Apologies for that German chap.

That project looks to me to be more in the "R" phase of R&D
.

"The project aims to develop new devices for implementing the ONN architecture and processing the analog sensor data. It is led by researchers from Technical University in Eindhoven.

It is a university project and universities seem to br enthralled by the close analogy between wetware and analog neurons. They still have to come to grips with the inherent variability of ReRAM/MemRistors.

Not commercial whthin 5 years +
. "


Just to expand on that,

https://phastrac.eu/

PHASTRAC is a research project funded by Horizon EU’s research and innovation programme with core subject “Phase Transition Materials for Energy Efficient Edge Computing”. The project with duration of 42 months (1 January 2023 – 30 June 2026) brings together leading European research and academic institutions.

PHASTRAC aims to develop a novel analog-to-information neuromorphic computing paradigm based on oscillatory neural networks (ONNs). We offer a first-of-its-kind and novel analog ONN computing architecture to seamlessly interface with sensors and process their analog data without any analog-to-digital conversion. ONNs are a biologically inspired neuromorphic computing architecture, where neuron oscillatory behavior will be developed by innovative phase change VO2 material coupled with synapses developed by bilayer Mo/HfO2 RRAM devices. PHASTRAC will address the most critical issues, namely 1) novel devices for implementing ONN architecture, 2) novel ONN architecture to allow analog sensor data processing, and 3) processing the data efficiently to take appropriate action. This “sensing-to-action” computing approach based on ONN technology will allow energy efficiency improvements.

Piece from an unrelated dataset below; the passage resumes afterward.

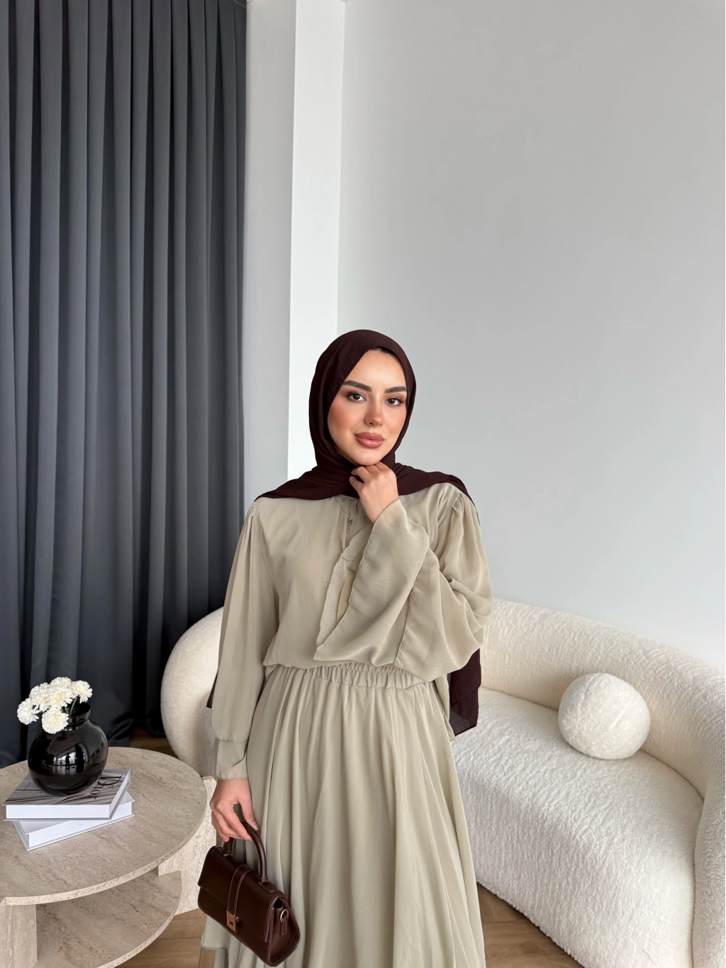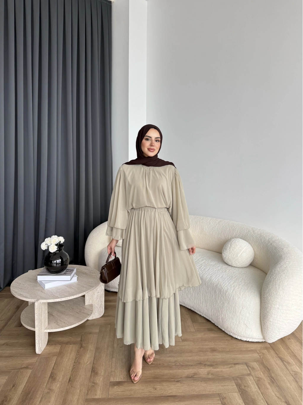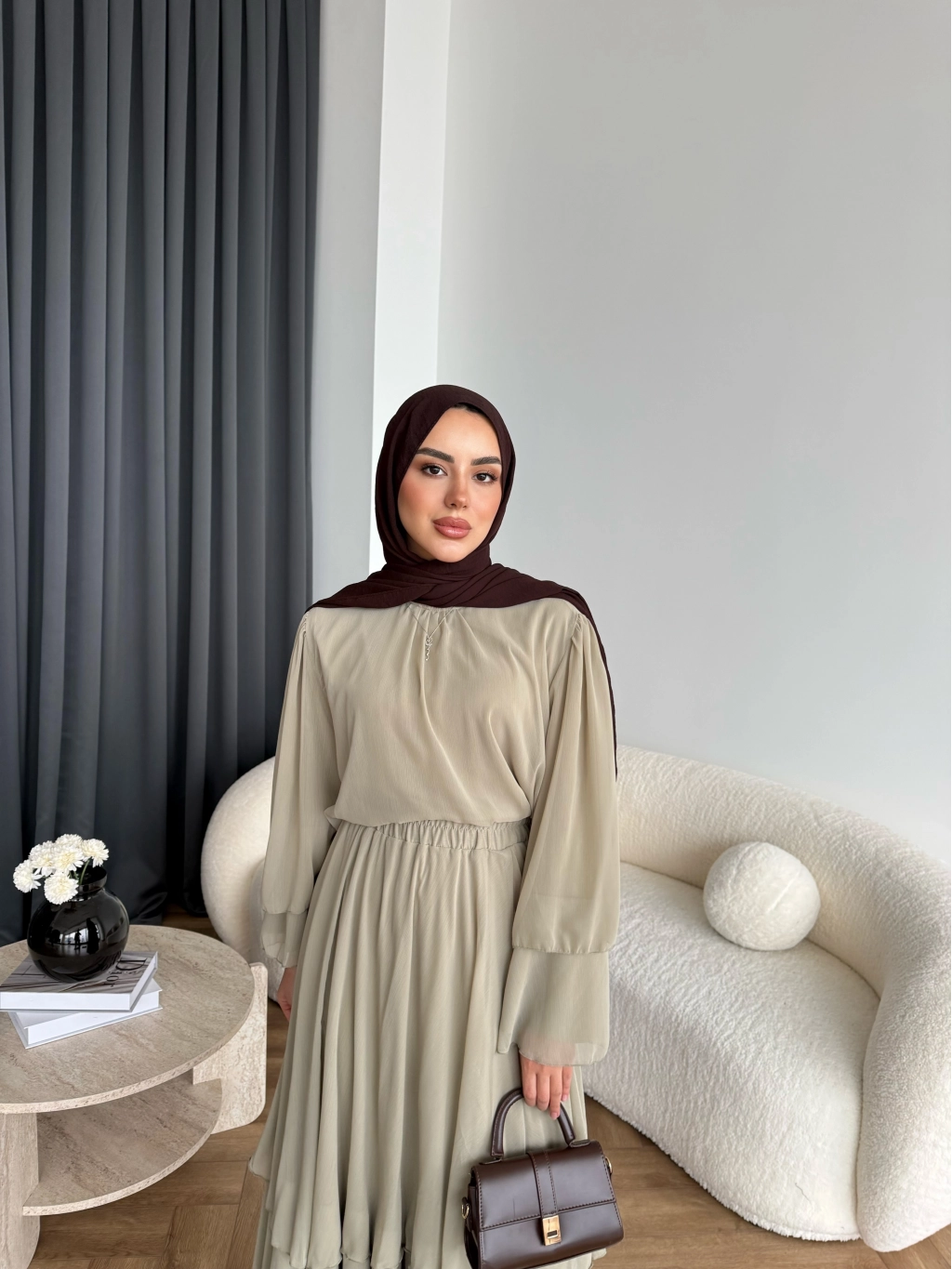 Hen - Luzy Şifon Elbise - Kahve

TU Eindhoven, Netherlands, leads the consortium of four partners. The project partners are Pazmany Peter Catholic University, Hungary, IBM Research Zurich, and Bayerische Motoren Werke AG (BMW), Germany
.

With all those exotic materials, it sounds pretty ickky to manufacture. Does this need a new machine?

The ickkyness goes on ... capacitors and varistors ...

IBM has a patent application for ONN:


US2022004876A1 TRAINING OF OSCILLATORY NEURAL NETWORKS 20200702

[0002] Oscillatory neural networks (ONNs) are artificial neural networks which employ a network of coupled oscillators. The oscillators correspond to neurons of a neural network, and the strength of the coupling between pairs of oscillators emulates the network (synaptic) weights. Such networks can be trained to perform correlation tasks, such as image classification and speech recognition, by processing training samples in the network and adapting the matrix of network weights so that the network “learns”, or memorizes, the particular correlations to be detected. Few hardware implementations have been proposed for ONNs, and these networks typically rely on mathematical pre-training of the weights matrix, e.g. via a Hebbian learning algorithm.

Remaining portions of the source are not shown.